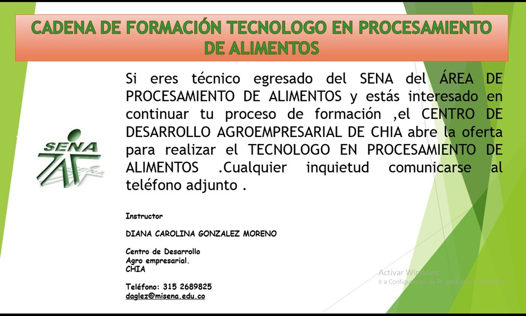 Si eres técnico egresado del Sena del Área de Procesamiento de Alimentos y está interesado en continuar tu proceso de formación, el CENTRO DE DESARROLLO AGRO-EMPRESARIAL DE CHIA abre la oferta para realizar el TECNÓLOGO EN PROCESAMIENTO DE ALIMENTOS.
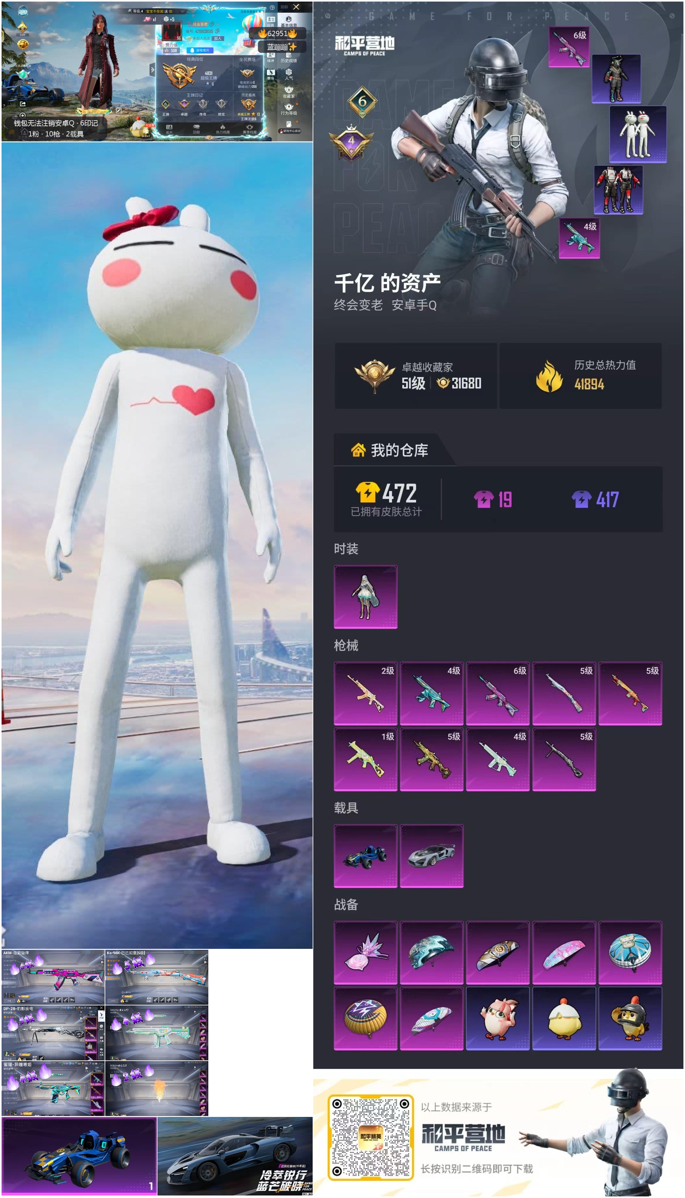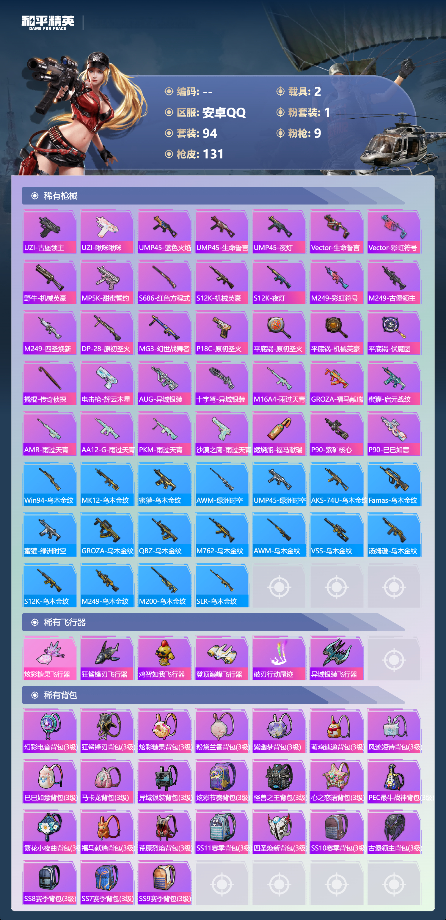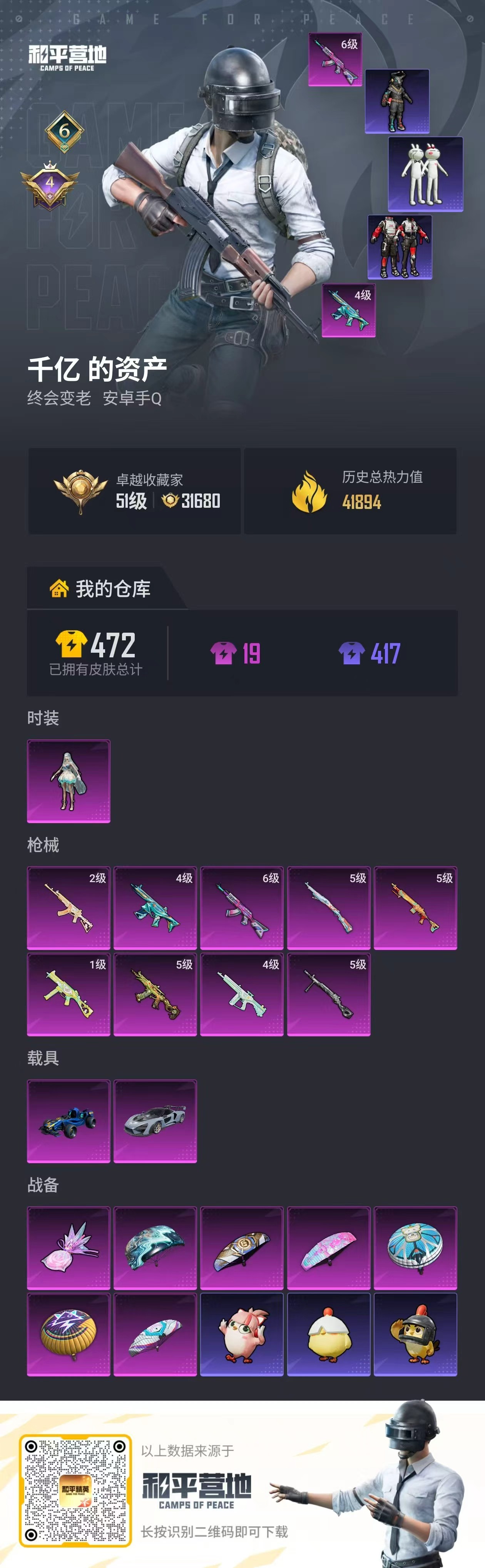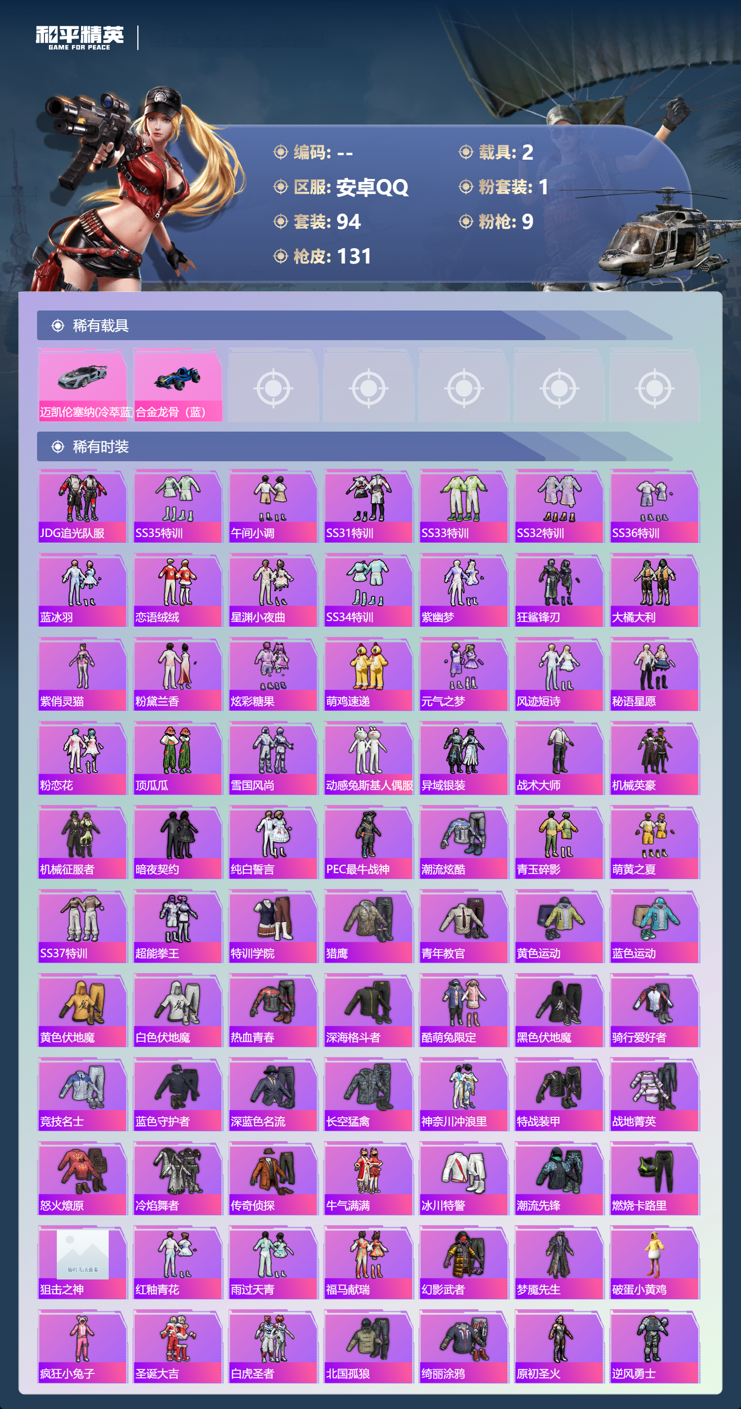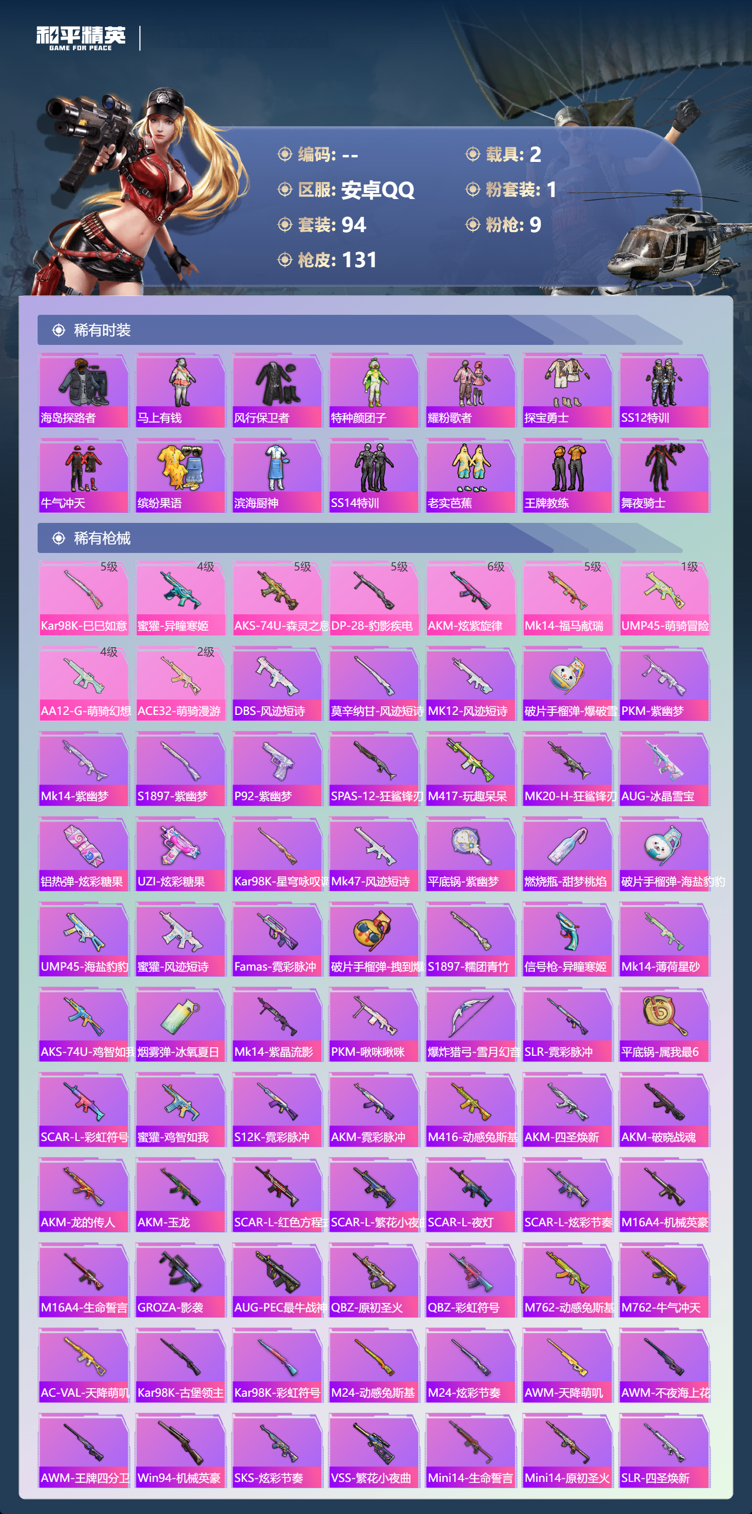 hs62951 安卓手Q-6王牌印记-1粉装-9特效枪-2载具-41894热力值-94套装-131枪皮-4卓越印记
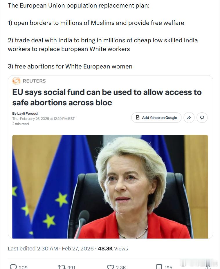 欧盟的人口更替计划:1)对数百万穆斯林开放边境并提供免费福利2)与印度达成贸易协
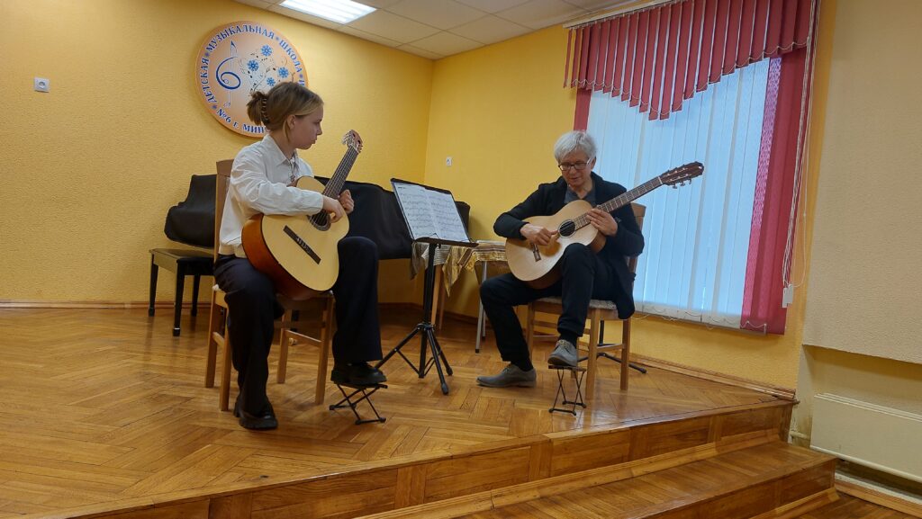 14 ноября 2025г. в 10.00 в ГУО «Детская музыкальная школа искусств №6 г. Минска» состоялось заседание минской городской методической секции по специальности «гитара», на котором перед учителями детских школ искусств города выступил профессор УО «Белорусская государственная академия музыки» Евгений Михайлович Гридюшко. В своём выступление он представил авторскую школу игры «Методика преподавания специального инструмента (классическая гитара) интонационный подход».
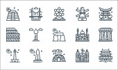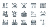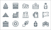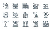 ikony linii europejskiej. zestaw liniowy. wysokiej jakości zestaw linii wektorowych, takich jak piłka nożna, małże, brama, kask, Alpy, pizza, wiatrak, duży ben, sagrada familia

YOUR OBJECTIVE —
From the records above, copy exactly the stretch from the line holding "hs62951 安卓手Q-6" through the line holding "14 ноября 2025г.", both ends included, without the pictures.

ANSWER TO THE EXERCISE —
 hs62951 安卓手Q-6王牌印记-1粉装-9特效枪-2载具-41894热力值-94套装-131枪皮-4卓越印记
 欧盟的人口更替计划:1)对数百万穆斯林开放边境并提供免费福利2)与印度达成贸易协
 14 ноября 2025г. в 10.00 в ГУО «Детская музыкальная школа искусств №6 г. Минска» состоялось заседание минской городской методической секции по специальности «гитара», на котором перед учителями детских школ искусств города выступил профессор УО «Белорусская государственная академия музыки» Евгений Михайлович Гридюшко. В своём выступление он представил авторскую школу игры «Методика преподавания специального инструмента (классическая гитара) интонационный подход».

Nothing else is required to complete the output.